■ **Problem to solve**:
Look below for the line containing "广西大学数学与信息科学学院2025年硕士研究生第一批复试考生名单(第一志愿)" and the line containing "Diamant Creolen 2ct", then set down both and every line between them exactly, without pictures.

■ **The data**:
○ ○ ○ ○ ○ ○ ○
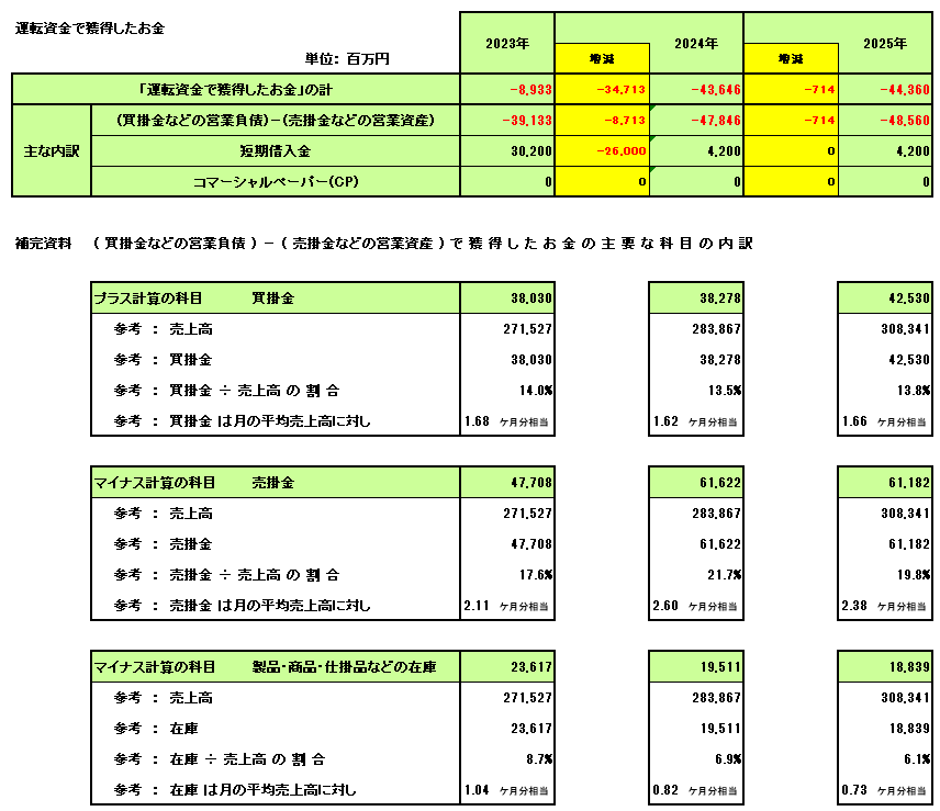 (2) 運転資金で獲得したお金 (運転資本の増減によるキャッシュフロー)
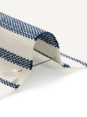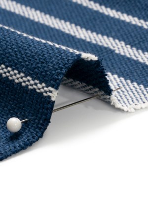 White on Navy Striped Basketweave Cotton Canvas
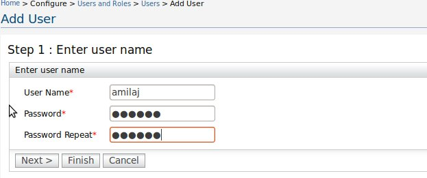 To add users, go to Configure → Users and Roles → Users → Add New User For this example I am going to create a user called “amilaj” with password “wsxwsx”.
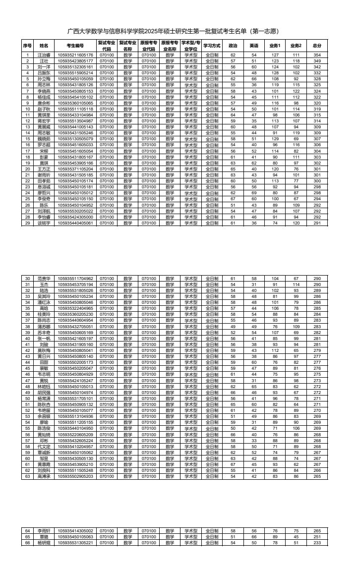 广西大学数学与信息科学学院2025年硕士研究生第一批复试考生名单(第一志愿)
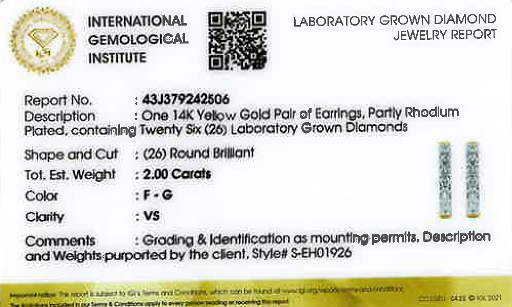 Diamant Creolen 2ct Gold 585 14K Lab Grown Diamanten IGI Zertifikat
○ ○ ○ ○ ○ ○ ○
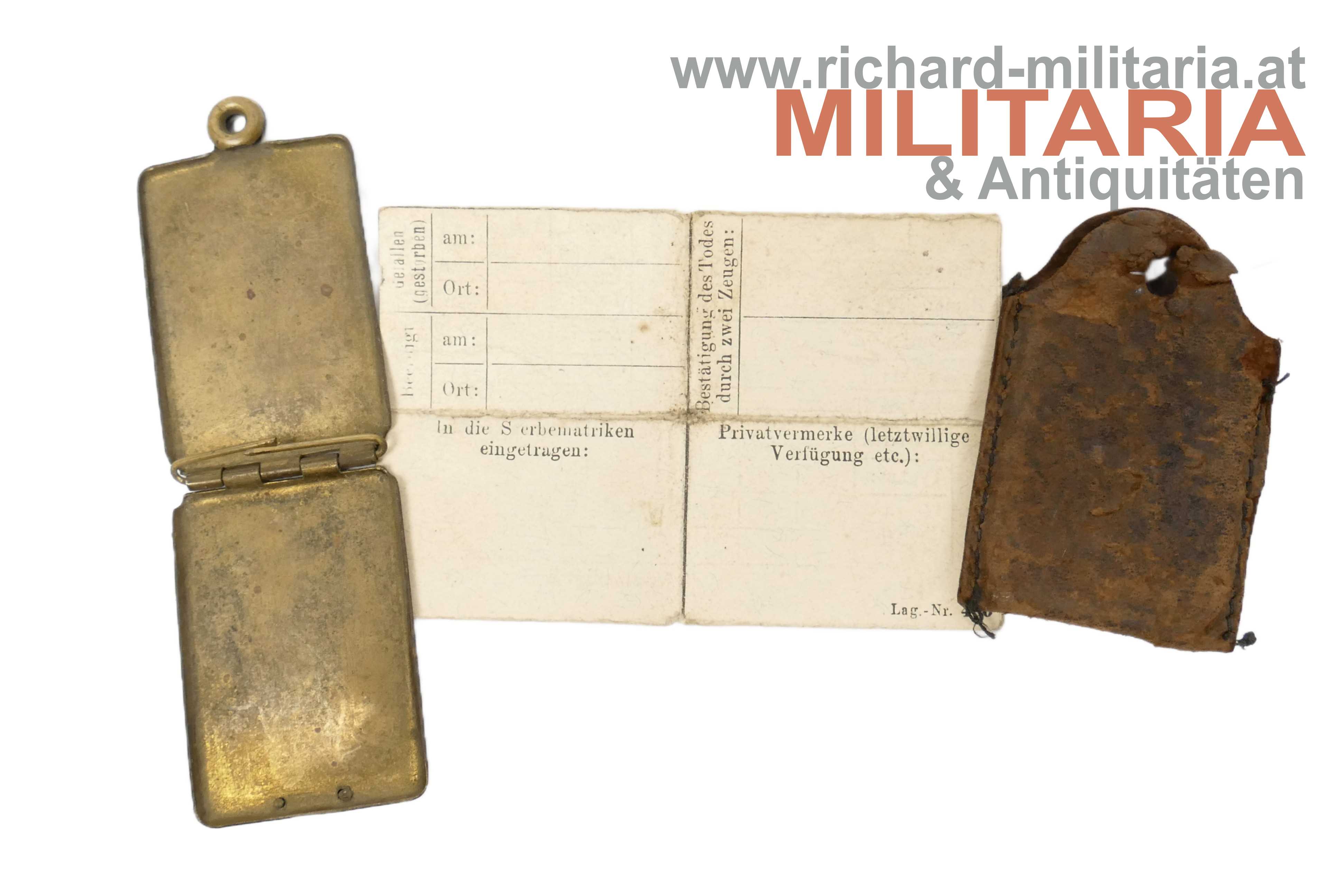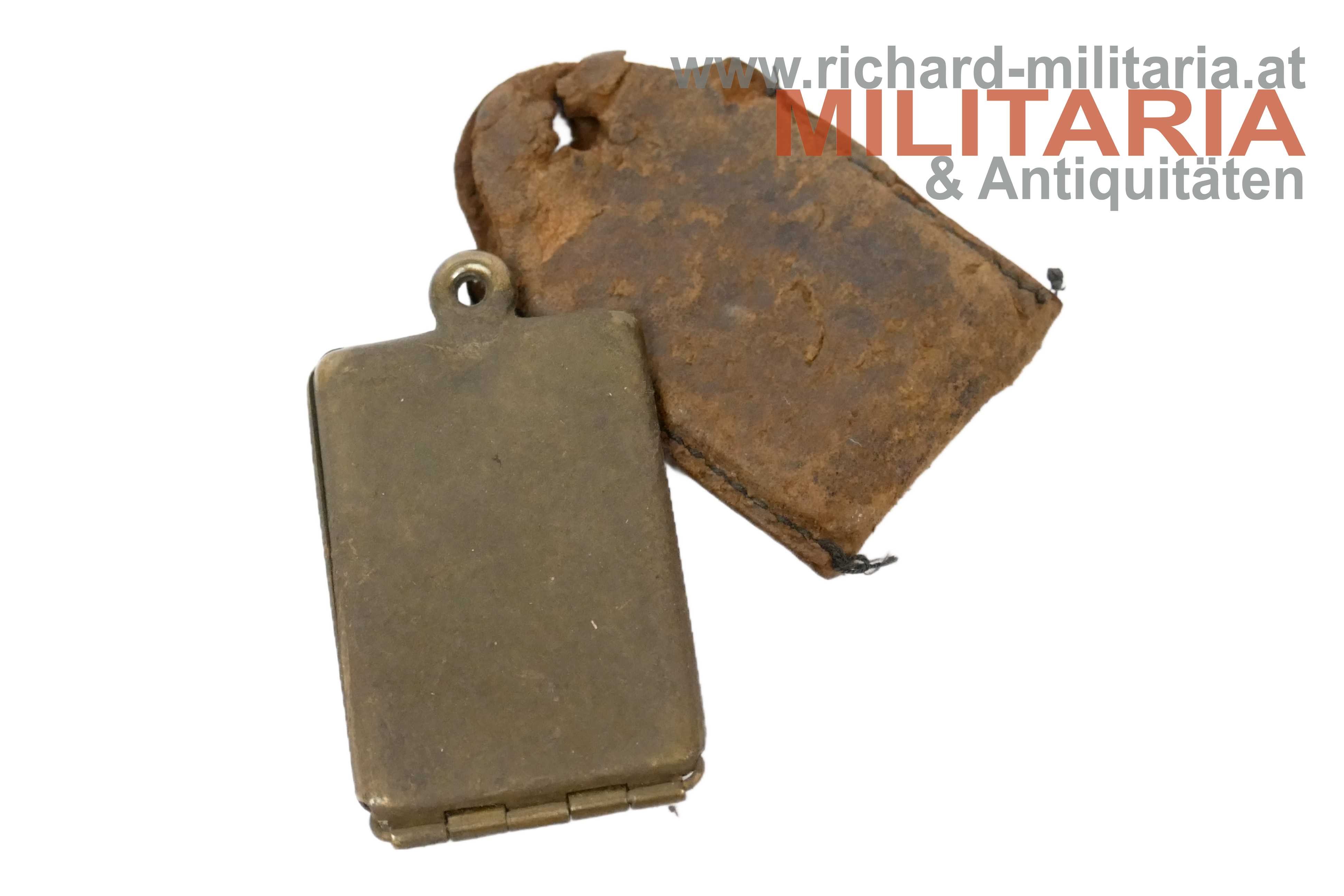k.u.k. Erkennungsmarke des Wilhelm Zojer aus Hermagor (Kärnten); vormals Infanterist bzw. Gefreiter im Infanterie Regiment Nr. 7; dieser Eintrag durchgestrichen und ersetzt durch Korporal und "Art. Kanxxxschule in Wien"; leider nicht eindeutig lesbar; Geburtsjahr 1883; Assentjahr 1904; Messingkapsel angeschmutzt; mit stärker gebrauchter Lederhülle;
○ ○ ○ ○ ○ ○ ○
■ **Your solution**:
 广西大学数学与信息科学学院2025年硕士研究生第一批复试考生名单(第一志愿)
 Diamant Creolen 2ct Gold 585 14K Lab Grown Diamanten IGI Zertifikat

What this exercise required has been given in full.